I'd be interested in what it might take to swap out the redis code for disque in Sidekiq.

Not fun. Sidekiq is pretty closely married to Redis datastructures unfortunately.

However there are clones like Shoryuken [1] that would be easier to port.

[1] https://github.com/phstc/shoryuken

For giggles I spent an hour this evening and added support for Disque to the pluggable system I help maintain [0].

Things I can say: the ruby disque library isn't really fleshed out yet. It's alpha, so that's fine, but it's got a ways to go. For example, it doesn't directly expose ACKJOB as a command. The server is equally alpha, things like HELP don't do anything yet, and some options on some commands appear broken. But hey, it was a fun way to spend an hour.

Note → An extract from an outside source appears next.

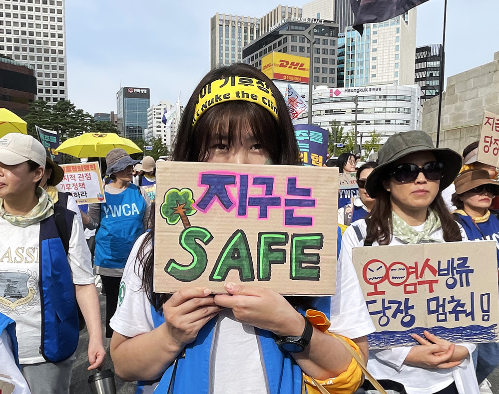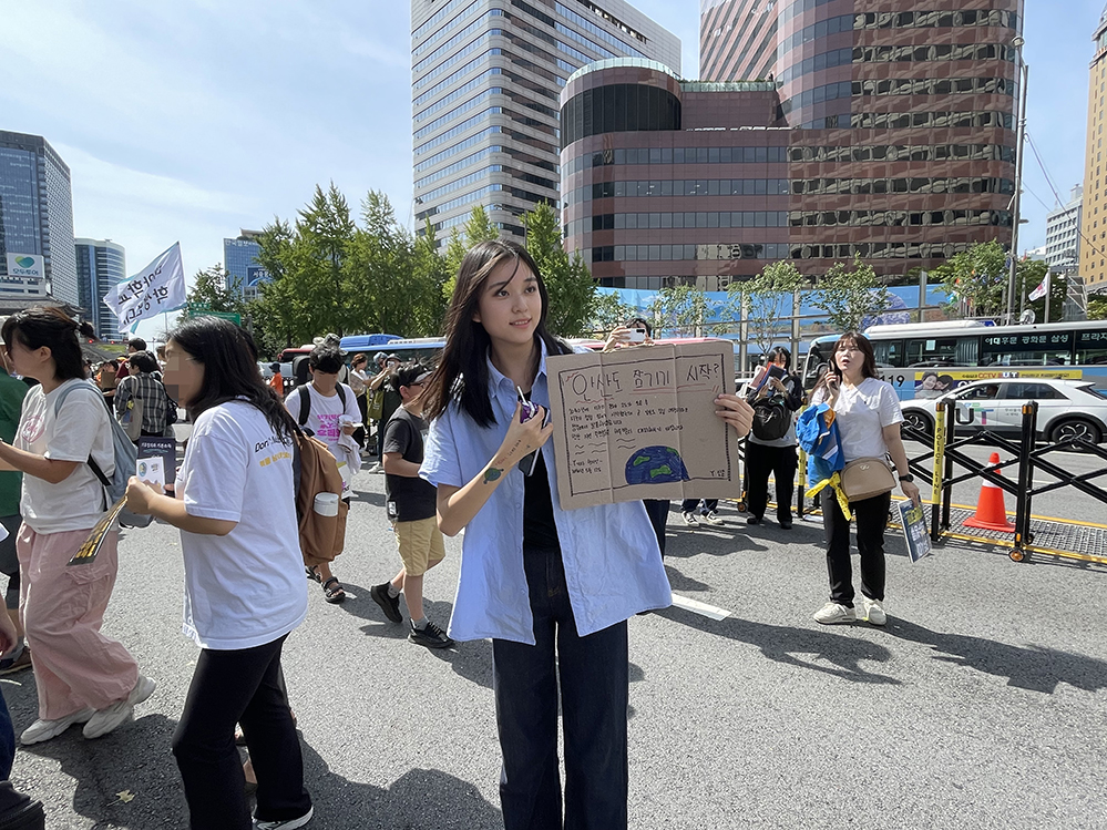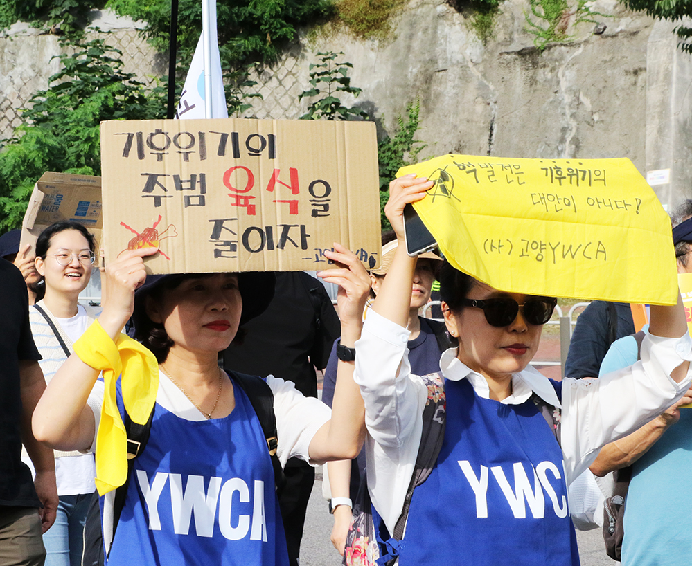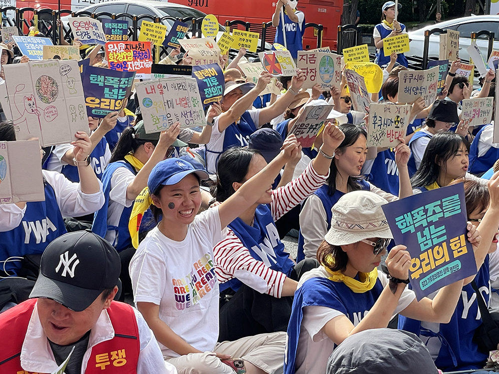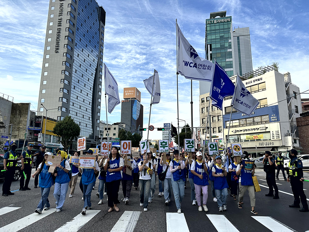 집회 후 참가자들은 서울 시청-숭례문 일대에서 출발해 서울역→남영역→용산집무실에 도착하는 1코스와 서울시청→SK본사→일본대사관→서울정부청사에 도착하는 2코스로 나뉘어 행진했다. 한국YWCA는 1코스에 참여해 “성평등 기후정의” “탈핵으로 기후정의”를 외치며 시민들의 기후정의 움직임에 동참하기를 요청했다.

Okay, looking at this I can see it as a decent replacement for Beanstalk, which has been my go-to simple queue server for years now, but has been on inactive development for some time.

I built a failover system for it involving NFS mounts and heartbeat, but having it all be automatic would be quite nice. Looking forward to a prod-ready version.

While this looks promising, why not make Disque part of Redis by introducing the "message queue" data structure? This would allow to build more powerful, application-specific messaging abstractions, for instance a compare-and-swap-key-with-reliable-broadcast (CASKWREB in Redis terminology).

It is not possible to replicate Disque features as a Redis data type, it is fundamentally a different best unfortunately. The project started exactly as a feature for Redis but was migrated away as a separated system because while I was working on it the tension between what Redis was and what Disque would be were bigger every day.

aphyr is gonna torture this system soon

Are people pronouncing this word like "Diskqueue"?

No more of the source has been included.